**Exercise goal**
With the images removed, write out every line below exactly.

**Data extract**
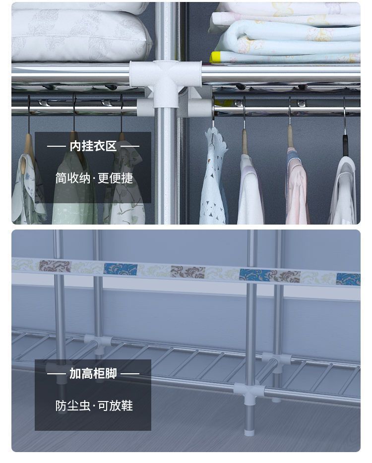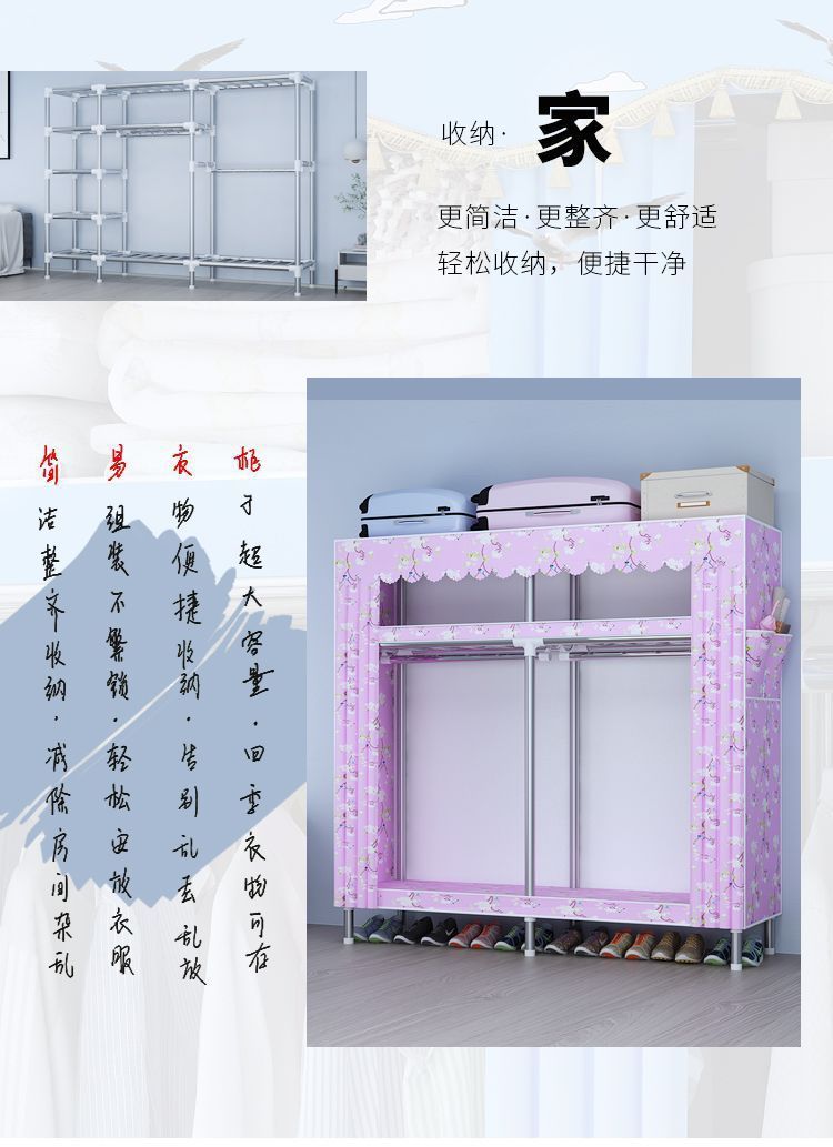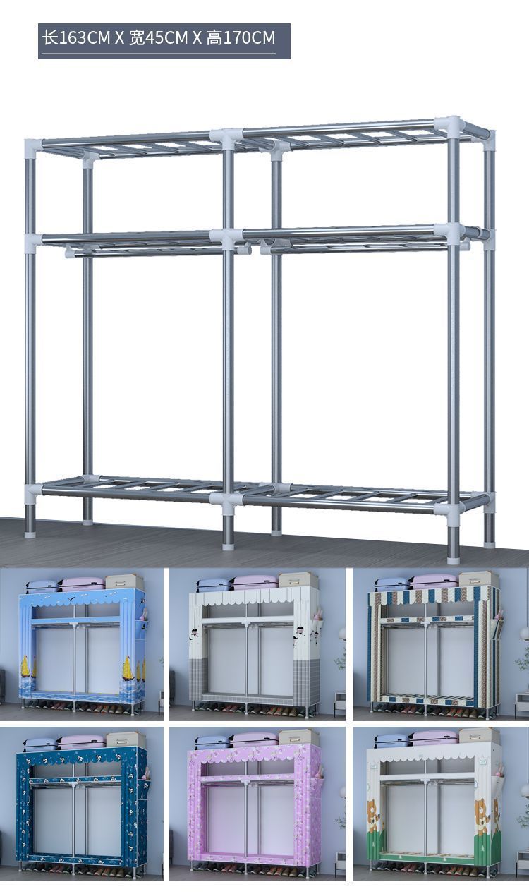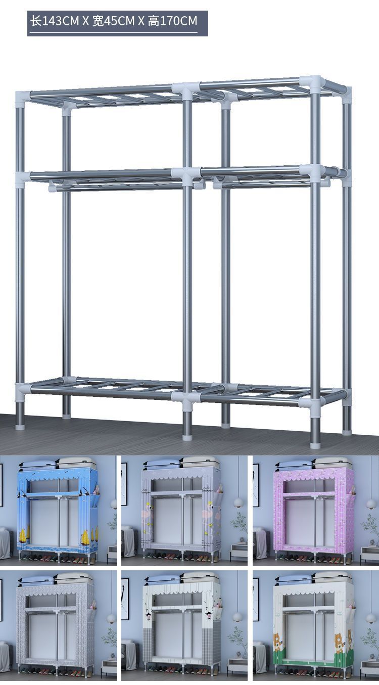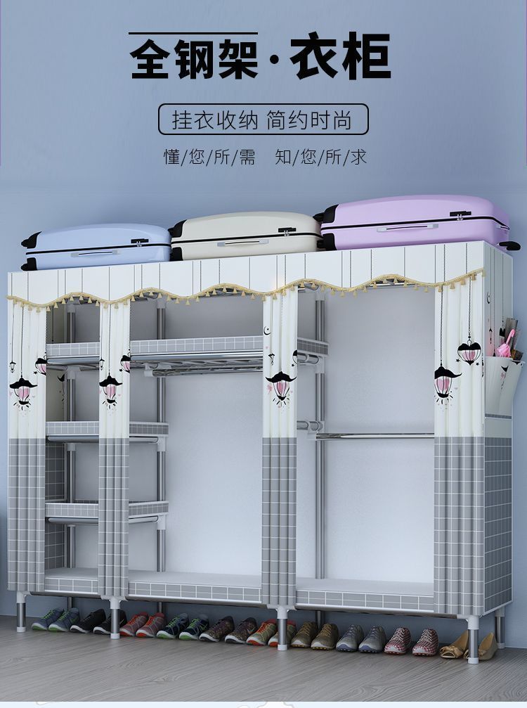 강철 프레임 전체 강철 튜브 간단한 옷장 홈 침실 조립 옷장 조인트 두꺼운 강화 천스토어 가기
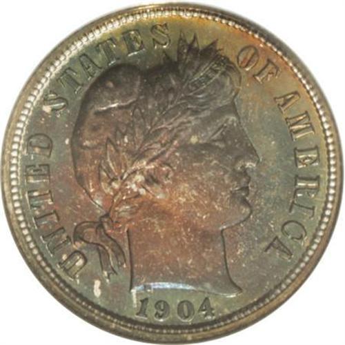<B>1904 10C PR67 NGC.</B></I> Beautiful ruby-red, apple-green, and gold consume the obverse. The reverse is fully toned as well, in aquamarine shades. Sharply struck save for a couple of the uppermost cereal grains. Only 670 proofs were struck, few of which have survived in such exemplary quality. Census: 8 in 67, 1 finer (8/07).<BR><BR><B>Coin Engraver:</B> Charles E. Barber<BR><BR><b>Shipping:</b> Coins & Currency (<a target="_blank" href="http://www.heritageauctions.com/common/shipping.php">view shipping information</a>)
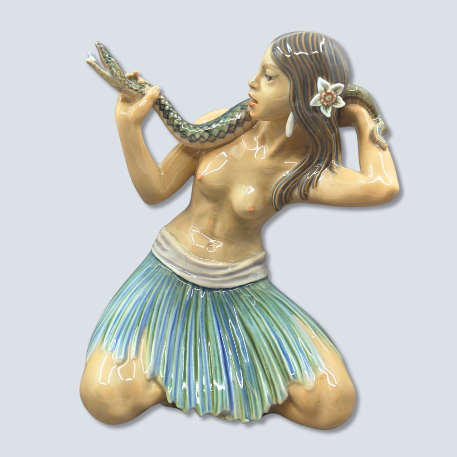 Dahl Jensen; Porcelain figurine "Snakecharmer". Model #1299.Second. H. 20,5 cm. Stamped with royal crown and "DJ Copenhagen".

**Exercise result**
 강철 프레임 전체 강철 튜브 간단한 옷장 홈 침실 조립 옷장 조인트 두꺼운 강화 천스토어 가기
<B>1904 10C PR67 NGC.</B></I> Beautiful ruby-red, apple-green, and gold consume the obverse. The reverse is fully toned as well, in aquamarine shades. Sharply struck save for a couple of the uppermost cereal grains. Only 670 proofs were struck, few of which have survived in such exemplary quality. Census: 8 in 67, 1 finer (8/07).<BR><BR><B>Coin Engraver:</B> Charles E. Barber<BR><BR><b>Shipping:</b> Coins & Currency (<a target="_blank" href="http://www.heritageauctions.com/common/shipping.php">view shipping information</a>)
 Dahl Jensen; Porcelain figurine "Snakecharmer". Model #1299.Second. H. 20,5 cm. Stamped with royal crown and "DJ Copenhagen".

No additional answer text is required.